Close advisor to Pope rips fellow US bishop as unfit to lead

One of the Pope’s key advisors has called for urgent action to be taken against a US bishop who shielded a priest who was a threat to children.

Boston Cardinal Sean O’Malley told US network CBS that the case of Bishop Robert Finn of Kansas City is “a question the Holy See needs to address urgently”.

Bishop Finn was found guilty in 2012 of a criminal misdemeanour count of shielding a priest who was a threat to children.

The priest, Shawn Ratigan, was found guilty in 2013 of producing child pornography and was sentenced to 50 years in jail.

Bishop Finn was sentenced to two years probation for waiting six months before telling police that diocesan officials had found pornographic images of young girls on Ratigan’s computer.

Cardinal O’Malley, who heads the Pontifical Commission for the Protection of Minors, said Pope Francis recognises the need to address the Bishop Finn situation.

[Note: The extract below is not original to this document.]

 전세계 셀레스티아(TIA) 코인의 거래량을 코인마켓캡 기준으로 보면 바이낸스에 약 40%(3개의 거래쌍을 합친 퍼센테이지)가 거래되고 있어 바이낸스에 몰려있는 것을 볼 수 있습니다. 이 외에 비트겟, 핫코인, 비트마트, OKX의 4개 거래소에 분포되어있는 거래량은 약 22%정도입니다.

Speaking to CBS News, Cardinal O’Malley agreed that under the Catholic Church’s zero-tolerance policy, he wouldn’t let Bishop Finn teach Sunday school in Boston, let alone head a diocese.

CBS interviewer Norah O’Donnell put it to Cardinal O’Malley that one of the “biggest scandals” of the Church in recent years is the way bishops handled priests accused of abuse.

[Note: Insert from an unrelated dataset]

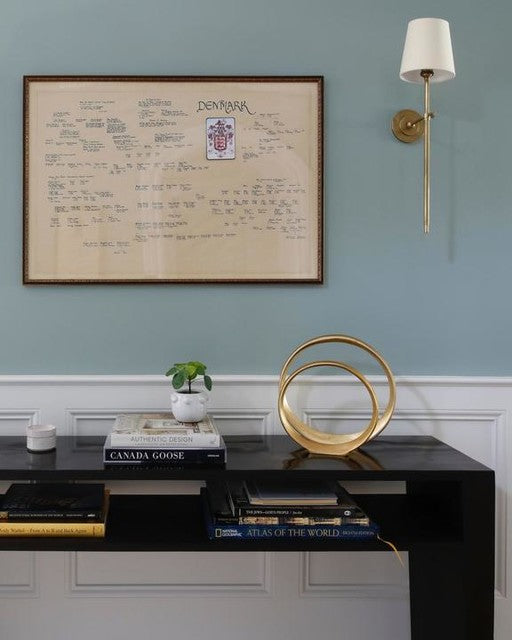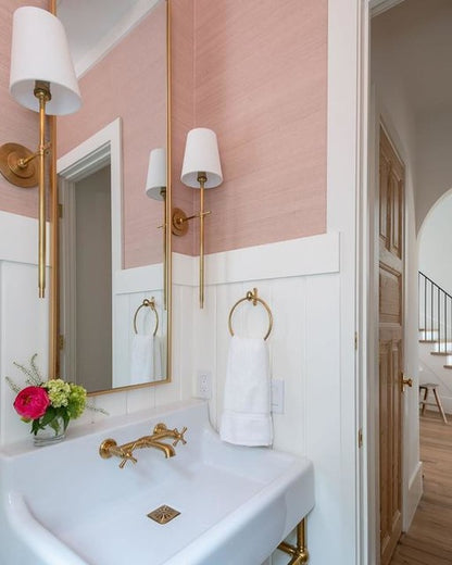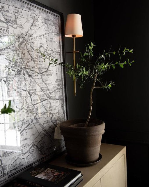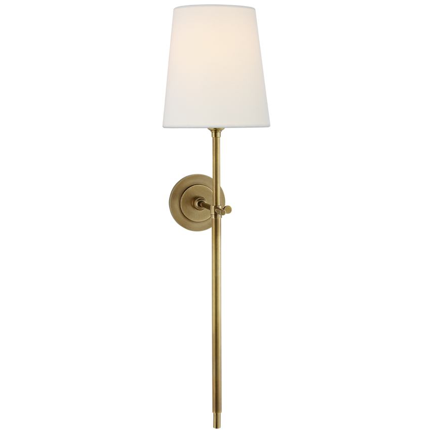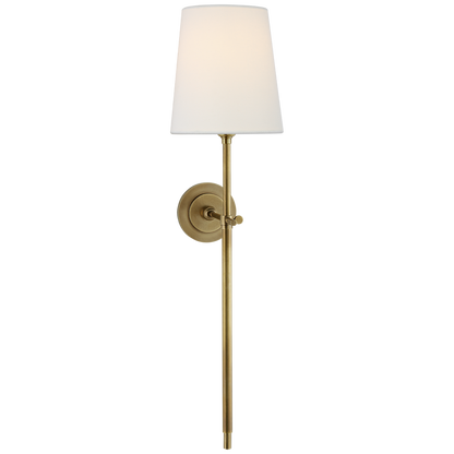 Bryant Large Tail Wandleuchte aus handpoliertem antikem Messing mit Leinenschirm

Cardinal O’Malley responded that is something he and the commission are working on.

“One of the first things that we came up was the importance of accountability and we’re looking at how the Church can have protocols and how to respond when a bishop has not been responsible for protection of children in his diocese,” he stated.

In September, Canadian Archbishop Terrence Prendergast visited Kansas City diocese on behalf of the Vatican to investigate Bishop Finn’s leadership.

In the CBS interview, Cardinal O’Malley also called a Vatican doctrinal investigation of American nuns “a disaster”.

Cardinal O’Malley is one of the council of cardinal advisors to Pope Francis.

The CBS 60 Minutes item was broadcast on November 16.